_PROBLEM STATEMENT_. Copy every record below exactly as written, but leave out the pictures.

_LISTED RECORDS_.

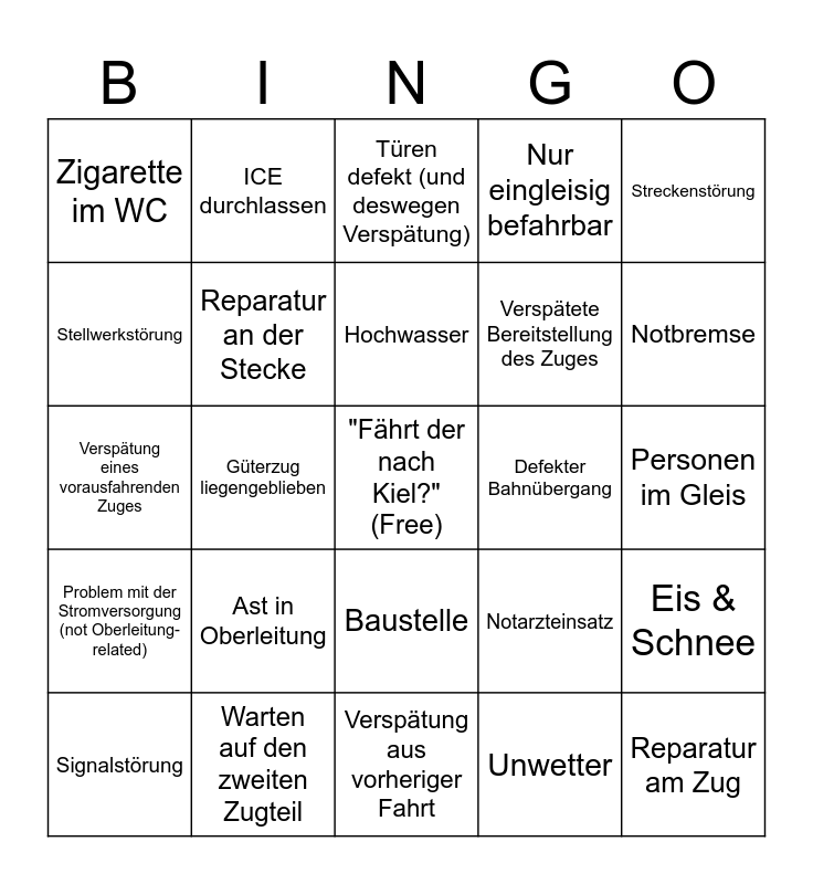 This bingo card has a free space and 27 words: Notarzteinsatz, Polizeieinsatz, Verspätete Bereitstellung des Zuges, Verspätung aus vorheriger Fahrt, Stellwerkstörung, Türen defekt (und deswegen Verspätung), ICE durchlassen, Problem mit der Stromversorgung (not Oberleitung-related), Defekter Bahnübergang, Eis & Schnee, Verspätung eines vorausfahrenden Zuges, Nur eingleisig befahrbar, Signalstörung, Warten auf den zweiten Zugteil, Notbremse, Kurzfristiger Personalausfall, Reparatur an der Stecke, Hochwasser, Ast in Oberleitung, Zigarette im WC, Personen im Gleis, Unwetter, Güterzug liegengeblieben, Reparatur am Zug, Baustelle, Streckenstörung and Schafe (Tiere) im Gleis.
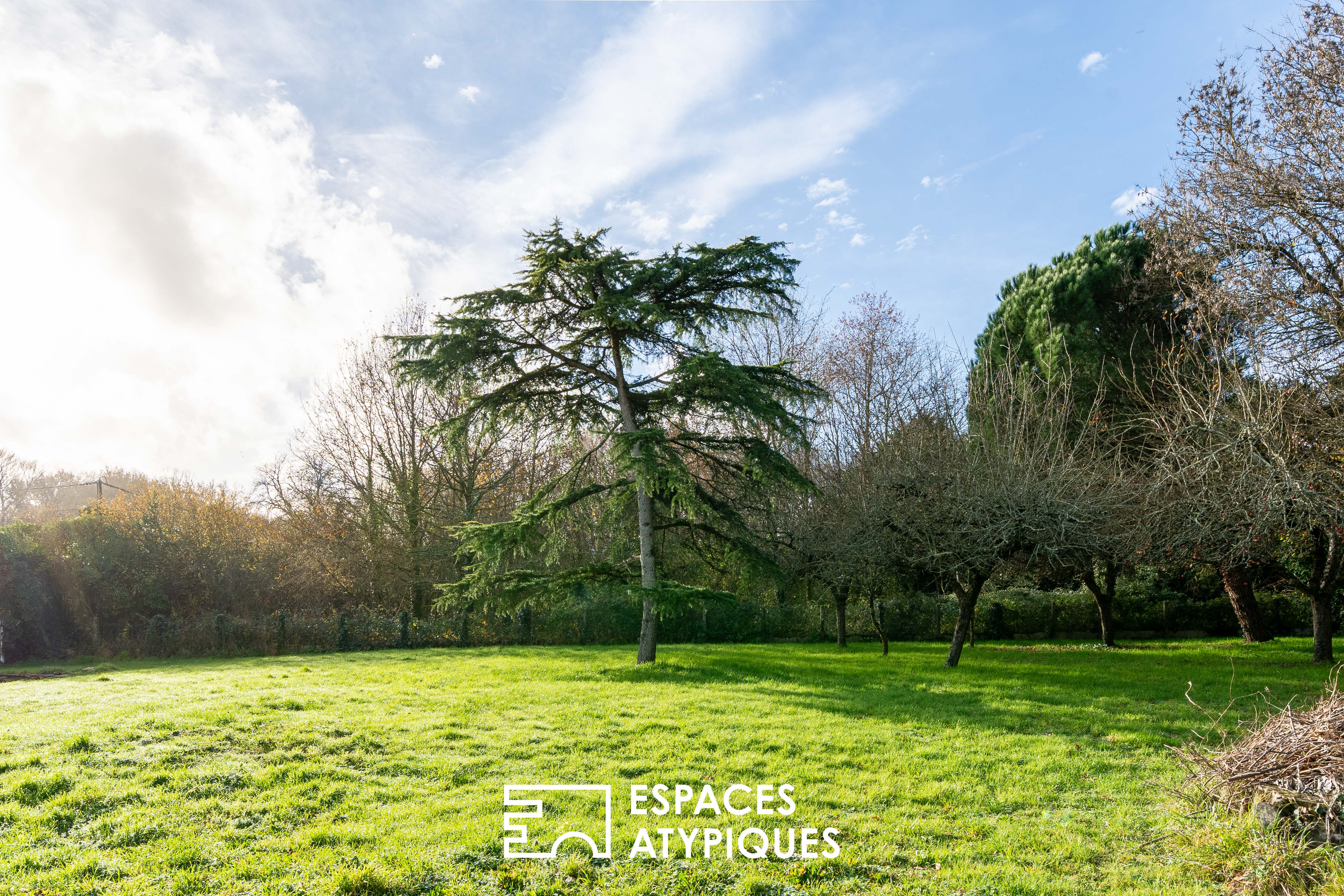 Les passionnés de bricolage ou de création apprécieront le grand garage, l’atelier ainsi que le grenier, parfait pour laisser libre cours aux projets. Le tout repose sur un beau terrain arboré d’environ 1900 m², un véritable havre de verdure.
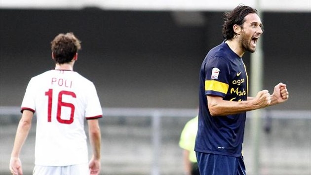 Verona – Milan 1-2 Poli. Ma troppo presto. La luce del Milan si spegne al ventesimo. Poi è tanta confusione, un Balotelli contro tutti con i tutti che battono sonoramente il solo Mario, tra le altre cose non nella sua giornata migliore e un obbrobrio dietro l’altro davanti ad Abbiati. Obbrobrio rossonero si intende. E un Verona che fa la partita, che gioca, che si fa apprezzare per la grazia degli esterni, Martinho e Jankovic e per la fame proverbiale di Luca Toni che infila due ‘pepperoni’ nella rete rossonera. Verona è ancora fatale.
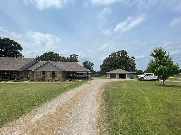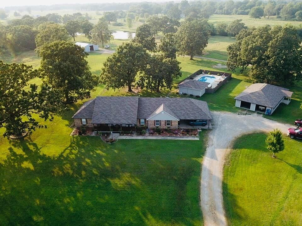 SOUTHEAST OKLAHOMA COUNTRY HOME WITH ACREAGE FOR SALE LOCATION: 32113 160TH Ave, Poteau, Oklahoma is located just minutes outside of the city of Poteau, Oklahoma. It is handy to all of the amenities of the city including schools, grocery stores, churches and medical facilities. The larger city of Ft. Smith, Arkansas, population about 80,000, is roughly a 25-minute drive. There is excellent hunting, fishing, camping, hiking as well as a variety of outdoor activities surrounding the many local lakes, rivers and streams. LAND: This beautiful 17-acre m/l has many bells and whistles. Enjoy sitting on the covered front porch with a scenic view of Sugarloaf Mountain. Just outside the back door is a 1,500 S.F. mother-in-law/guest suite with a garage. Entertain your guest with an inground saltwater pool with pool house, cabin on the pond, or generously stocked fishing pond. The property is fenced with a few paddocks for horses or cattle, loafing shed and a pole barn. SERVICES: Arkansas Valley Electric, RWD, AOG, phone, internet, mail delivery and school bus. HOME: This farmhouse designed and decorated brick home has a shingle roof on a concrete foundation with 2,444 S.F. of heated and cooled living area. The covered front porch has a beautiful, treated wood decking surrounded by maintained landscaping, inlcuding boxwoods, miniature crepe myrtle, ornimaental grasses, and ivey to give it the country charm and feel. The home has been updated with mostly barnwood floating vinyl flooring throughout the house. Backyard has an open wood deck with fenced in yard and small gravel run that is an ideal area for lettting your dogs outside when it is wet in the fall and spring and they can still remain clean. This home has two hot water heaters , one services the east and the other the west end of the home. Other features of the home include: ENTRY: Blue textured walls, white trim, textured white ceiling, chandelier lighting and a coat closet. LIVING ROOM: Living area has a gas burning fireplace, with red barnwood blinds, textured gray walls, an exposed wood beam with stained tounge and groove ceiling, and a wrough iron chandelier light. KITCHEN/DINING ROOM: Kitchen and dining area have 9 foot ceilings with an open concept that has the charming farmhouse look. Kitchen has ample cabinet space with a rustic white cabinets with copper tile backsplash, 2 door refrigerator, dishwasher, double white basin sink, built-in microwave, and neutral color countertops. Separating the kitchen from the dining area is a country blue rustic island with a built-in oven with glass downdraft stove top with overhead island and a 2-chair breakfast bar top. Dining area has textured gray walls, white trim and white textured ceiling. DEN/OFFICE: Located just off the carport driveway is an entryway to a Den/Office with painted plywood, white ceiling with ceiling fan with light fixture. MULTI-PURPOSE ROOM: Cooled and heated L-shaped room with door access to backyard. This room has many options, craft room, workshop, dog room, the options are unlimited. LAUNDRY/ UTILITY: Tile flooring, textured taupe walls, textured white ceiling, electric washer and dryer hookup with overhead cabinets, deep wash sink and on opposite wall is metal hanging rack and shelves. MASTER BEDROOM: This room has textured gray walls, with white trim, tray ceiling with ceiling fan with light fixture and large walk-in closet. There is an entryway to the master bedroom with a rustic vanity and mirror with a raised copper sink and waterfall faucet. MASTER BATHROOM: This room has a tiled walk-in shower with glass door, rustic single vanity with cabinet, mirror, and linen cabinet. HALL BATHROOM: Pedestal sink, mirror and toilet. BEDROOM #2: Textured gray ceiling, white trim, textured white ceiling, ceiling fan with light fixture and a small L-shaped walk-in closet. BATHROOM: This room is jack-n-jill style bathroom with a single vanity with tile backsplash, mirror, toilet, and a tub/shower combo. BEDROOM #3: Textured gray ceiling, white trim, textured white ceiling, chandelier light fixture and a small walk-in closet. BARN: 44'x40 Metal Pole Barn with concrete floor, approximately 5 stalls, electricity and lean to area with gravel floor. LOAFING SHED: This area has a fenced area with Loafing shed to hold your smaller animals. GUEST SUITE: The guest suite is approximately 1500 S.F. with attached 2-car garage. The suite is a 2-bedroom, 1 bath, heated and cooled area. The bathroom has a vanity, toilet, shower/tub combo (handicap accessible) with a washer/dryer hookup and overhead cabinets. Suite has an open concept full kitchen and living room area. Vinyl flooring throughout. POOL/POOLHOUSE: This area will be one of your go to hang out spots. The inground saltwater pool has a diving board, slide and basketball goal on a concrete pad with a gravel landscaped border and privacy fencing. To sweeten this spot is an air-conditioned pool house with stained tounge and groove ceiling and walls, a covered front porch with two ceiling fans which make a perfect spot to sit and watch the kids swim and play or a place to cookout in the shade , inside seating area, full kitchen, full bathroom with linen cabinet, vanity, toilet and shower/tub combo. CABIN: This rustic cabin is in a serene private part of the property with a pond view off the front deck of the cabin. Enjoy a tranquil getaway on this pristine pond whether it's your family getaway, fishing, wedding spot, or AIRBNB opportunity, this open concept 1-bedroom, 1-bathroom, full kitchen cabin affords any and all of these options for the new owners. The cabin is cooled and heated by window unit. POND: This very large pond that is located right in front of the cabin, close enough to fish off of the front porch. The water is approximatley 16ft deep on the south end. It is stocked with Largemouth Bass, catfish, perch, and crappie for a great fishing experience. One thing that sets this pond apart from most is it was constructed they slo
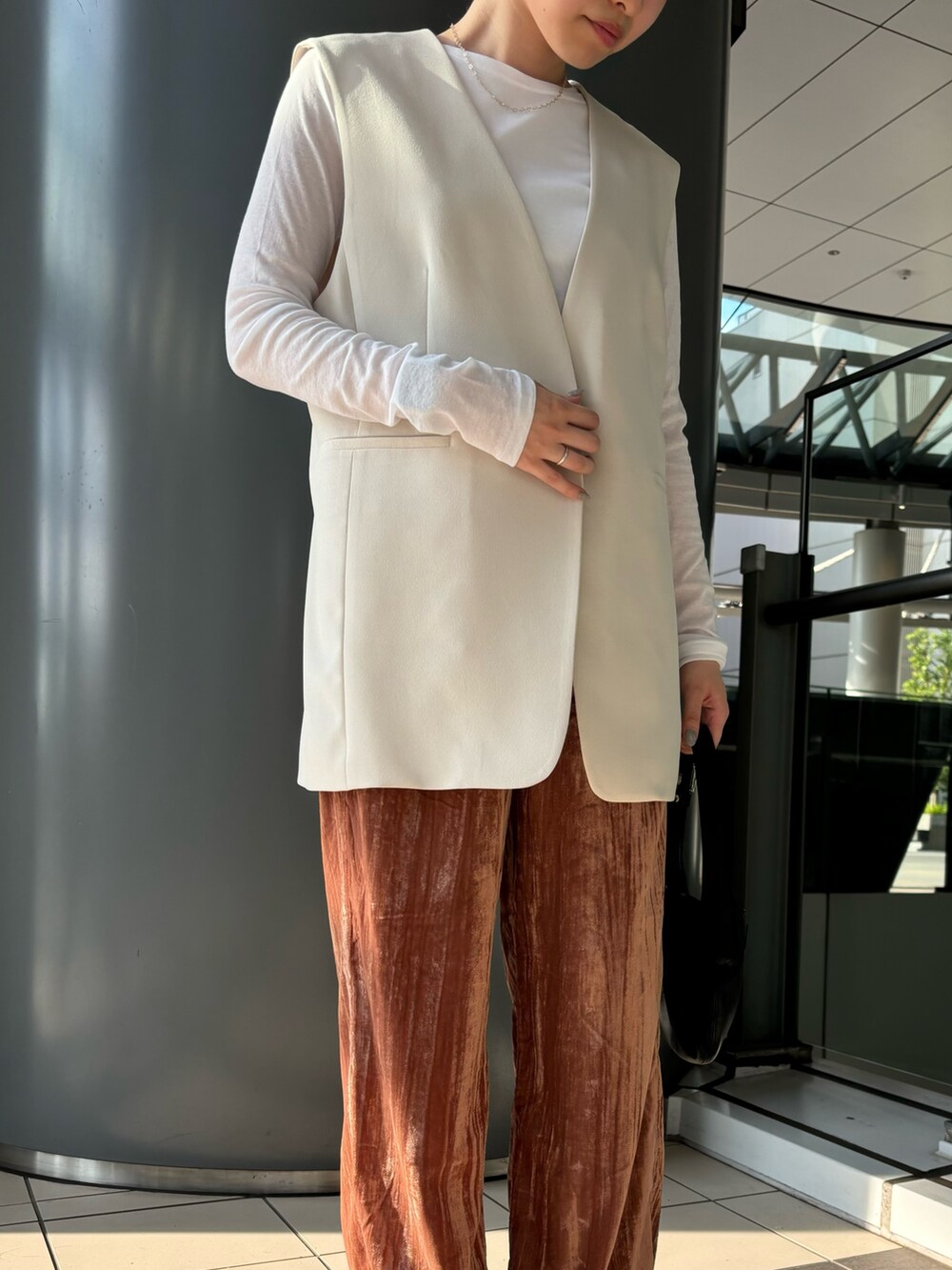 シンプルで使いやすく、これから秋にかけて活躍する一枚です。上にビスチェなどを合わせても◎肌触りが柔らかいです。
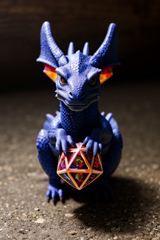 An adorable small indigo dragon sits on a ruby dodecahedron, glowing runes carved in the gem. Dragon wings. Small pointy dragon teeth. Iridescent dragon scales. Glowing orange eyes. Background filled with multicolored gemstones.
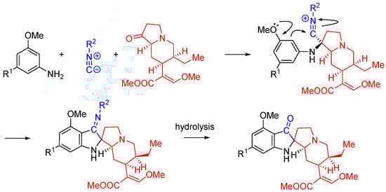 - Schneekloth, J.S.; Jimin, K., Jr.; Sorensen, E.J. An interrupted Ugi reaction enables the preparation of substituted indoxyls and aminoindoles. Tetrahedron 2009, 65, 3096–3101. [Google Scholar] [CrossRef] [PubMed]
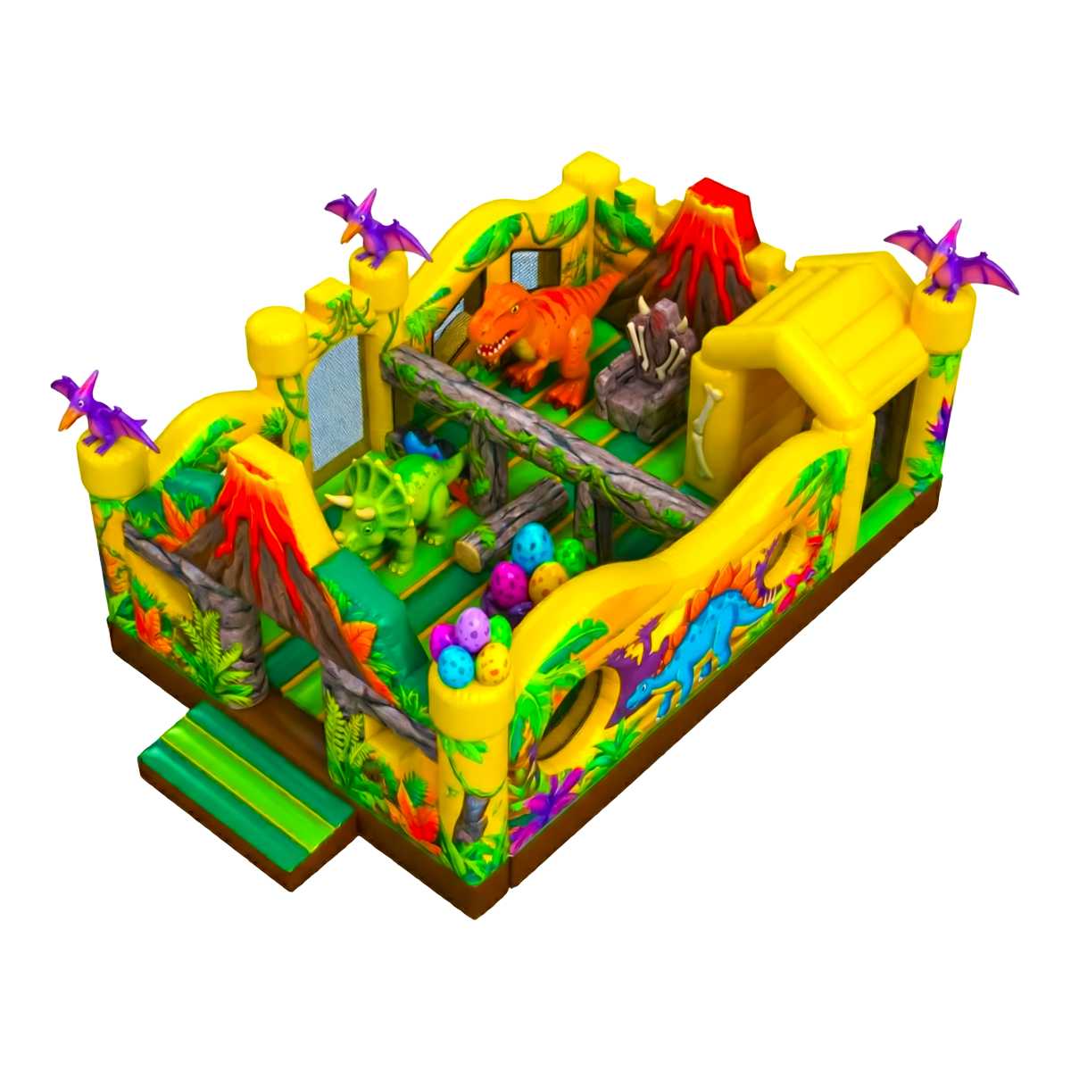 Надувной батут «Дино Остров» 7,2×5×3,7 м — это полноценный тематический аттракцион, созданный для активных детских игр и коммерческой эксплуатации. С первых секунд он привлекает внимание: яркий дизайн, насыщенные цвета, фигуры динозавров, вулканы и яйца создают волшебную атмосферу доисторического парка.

_TASK SOLUTION_.
 This bingo card has a free space and 27 words: Notarzteinsatz, Polizeieinsatz, Verspätete Bereitstellung des Zuges, Verspätung aus vorheriger Fahrt, Stellwerkstörung, Türen defekt (und deswegen Verspätung), ICE durchlassen, Problem mit der Stromversorgung (not Oberleitung-related), Defekter Bahnübergang, Eis & Schnee, Verspätung eines vorausfahrenden Zuges, Nur eingleisig befahrbar, Signalstörung, Warten auf den zweiten Zugteil, Notbremse, Kurzfristiger Personalausfall, Reparatur an der Stecke, Hochwasser, Ast in Oberleitung, Zigarette im WC, Personen im Gleis, Unwetter, Güterzug liegengeblieben, Reparatur am Zug, Baustelle, Streckenstörung and Schafe (Tiere) im Gleis.
 Les passionnés de bricolage ou de création apprécieront le grand garage, l’atelier ainsi que le grenier, parfait pour laisser libre cours aux projets. Le tout repose sur un beau terrain arboré d’environ 1900 m², un véritable havre de verdure.
 Verona – Milan 1-2 Poli. Ma troppo presto. La luce del Milan si spegne al ventesimo. Poi è tanta confusione, un Balotelli contro tutti con i tutti che battono sonoramente il solo Mario, tra le altre cose non nella sua giornata migliore e un obbrobrio dietro l’altro davanti ad Abbiati. Obbrobrio rossonero si intende. E un Verona che fa la partita, che gioca, che si fa apprezzare per la grazia degli esterni, Martinho e Jankovic e per la fame proverbiale di Luca Toni che infila due ‘pepperoni’ nella rete rossonera. Verona è ancora fatale.
 SOUTHEAST OKLAHOMA COUNTRY HOME WITH ACREAGE FOR SALE LOCATION: 32113 160TH Ave, Poteau, Oklahoma is located just minutes outside of the city of Poteau, Oklahoma. It is handy to all of the amenities of the city including schools, grocery stores, churches and medical facilities. The larger city of Ft. Smith, Arkansas, population about 80,000, is roughly a 25-minute drive. There is excellent hunting, fishing, camping, hiking as well as a variety of outdoor activities surrounding the many local lakes, rivers and streams. LAND: This beautiful 17-acre m/l has many bells and whistles. Enjoy sitting on the covered front porch with a scenic view of Sugarloaf Mountain. Just outside the back door is a 1,500 S.F. mother-in-law/guest suite with a garage. Entertain your guest with an inground saltwater pool with pool house, cabin on the pond, or generously stocked fishing pond. The property is fenced with a few paddocks for horses or cattle, loafing shed and a pole barn. SERVICES: Arkansas Valley Electric, RWD, AOG, phone, internet, mail delivery and school bus. HOME: This farmhouse designed and decorated brick home has a shingle roof on a concrete foundation with 2,444 S.F. of heated and cooled living area. The covered front porch has a beautiful, treated wood decking surrounded by maintained landscaping, inlcuding boxwoods, miniature crepe myrtle, ornimaental grasses, and ivey to give it the country charm and feel. The home has been updated with mostly barnwood floating vinyl flooring throughout the house. Backyard has an open wood deck with fenced in yard and small gravel run that is an ideal area for lettting your dogs outside when it is wet in the fall and spring and they can still remain clean. This home has two hot water heaters , one services the east and the other the west end of the home. Other features of the home include: ENTRY: Blue textured walls, white trim, textured white ceiling, chandelier lighting and a coat closet. LIVING ROOM: Living area has a gas burning fireplace, with red barnwood blinds, textured gray walls, an exposed wood beam with stained tounge and groove ceiling, and a wrough iron chandelier light. KITCHEN/DINING ROOM: Kitchen and dining area have 9 foot ceilings with an open concept that has the charming farmhouse look. Kitchen has ample cabinet space with a rustic white cabinets with copper tile backsplash, 2 door refrigerator, dishwasher, double white basin sink, built-in microwave, and neutral color countertops. Separating the kitchen from the dining area is a country blue rustic island with a built-in oven with glass downdraft stove top with overhead island and a 2-chair breakfast bar top. Dining area has textured gray walls, white trim and white textured ceiling. DEN/OFFICE: Located just off the carport driveway is an entryway to a Den/Office with painted plywood, white ceiling with ceiling fan with light fixture. MULTI-PURPOSE ROOM: Cooled and heated L-shaped room with door access to backyard. This room has many options, craft room, workshop, dog room, the options are unlimited. LAUNDRY/ UTILITY: Tile flooring, textured taupe walls, textured white ceiling, electric washer and dryer hookup with overhead cabinets, deep wash sink and on opposite wall is metal hanging rack and shelves. MASTER BEDROOM: This room has textured gray walls, with white trim, tray ceiling with ceiling fan with light fixture and large walk-in closet. There is an entryway to the master bedroom with a rustic vanity and mirror with a raised copper sink and waterfall faucet. MASTER BATHROOM: This room has a tiled walk-in shower with glass door, rustic single vanity with cabinet, mirror, and linen cabinet. HALL BATHROOM: Pedestal sink, mirror and toilet. BEDROOM #2: Textured gray ceiling, white trim, textured white ceiling, ceiling fan with light fixture and a small L-shaped walk-in closet. BATHROOM: This room is jack-n-jill style bathroom with a single vanity with tile backsplash, mirror, toilet, and a tub/shower combo. BEDROOM #3: Textured gray ceiling, white trim, textured white ceiling, chandelier light fixture and a small walk-in closet. BARN: 44'x40 Metal Pole Barn with concrete floor, approximately 5 stalls, electricity and lean to area with gravel floor. LOAFING SHED: This area has a fenced area with Loafing shed to hold your smaller animals. GUEST SUITE: The guest suite is approximately 1500 S.F. with attached 2-car garage. The suite is a 2-bedroom, 1 bath, heated and cooled area. The bathroom has a vanity, toilet, shower/tub combo (handicap accessible) with a washer/dryer hookup and overhead cabinets. Suite has an open concept full kitchen and living room area. Vinyl flooring throughout. POOL/POOLHOUSE: This area will be one of your go to hang out spots. The inground saltwater pool has a diving board, slide and basketball goal on a concrete pad with a gravel landscaped border and privacy fencing. To sweeten this spot is an air-conditioned pool house with stained tounge and groove ceiling and walls, a covered front porch with two ceiling fans which make a perfect spot to sit and watch the kids swim and play or a place to cookout in the shade , inside seating area, full kitchen, full bathroom with linen cabinet, vanity, toilet and shower/tub combo. CABIN: This rustic cabin is in a serene private part of the property with a pond view off the front deck of the cabin. Enjoy a tranquil getaway on this pristine pond whether it's your family getaway, fishing, wedding spot, or AIRBNB opportunity, this open concept 1-bedroom, 1-bathroom, full kitchen cabin affords any and all of these options for the new owners. The cabin is cooled and heated by window unit. POND: This very large pond that is located right in front of the cabin, close enough to fish off of the front porch. The water is approximatley 16ft deep on the south end. It is stocked with Largemouth Bass, catfish, perch, and crappie for a great fishing experience. One thing that sets this pond apart from most is it was constructed they slo
 シンプルで使いやすく、これから秋にかけて活躍する一枚です。上にビスチェなどを合わせても◎肌触りが柔らかいです。
 An adorable small indigo dragon sits on a ruby dodecahedron, glowing runes carved in the gem. Dragon wings. Small pointy dragon teeth. Iridescent dragon scales. Glowing orange eyes. Background filled with multicolored gemstones.
 - Schneekloth, J.S.; Jimin, K., Jr.; Sorensen, E.J. An interrupted Ugi reaction enables the preparation of substituted indoxyls and aminoindoles. Tetrahedron 2009, 65, 3096–3101. [Google Scholar] [CrossRef] [PubMed]
 Надувной батут «Дино Остров» 7,2×5×3,7 м — это полноценный тематический аттракцион, созданный для активных детских игр и коммерческой эксплуатации. С первых секунд он привлекает внимание: яркий дизайн, насыщенные цвета, фигуры динозавров, вулканы и яйца создают волшебную атмосферу доисторического парка.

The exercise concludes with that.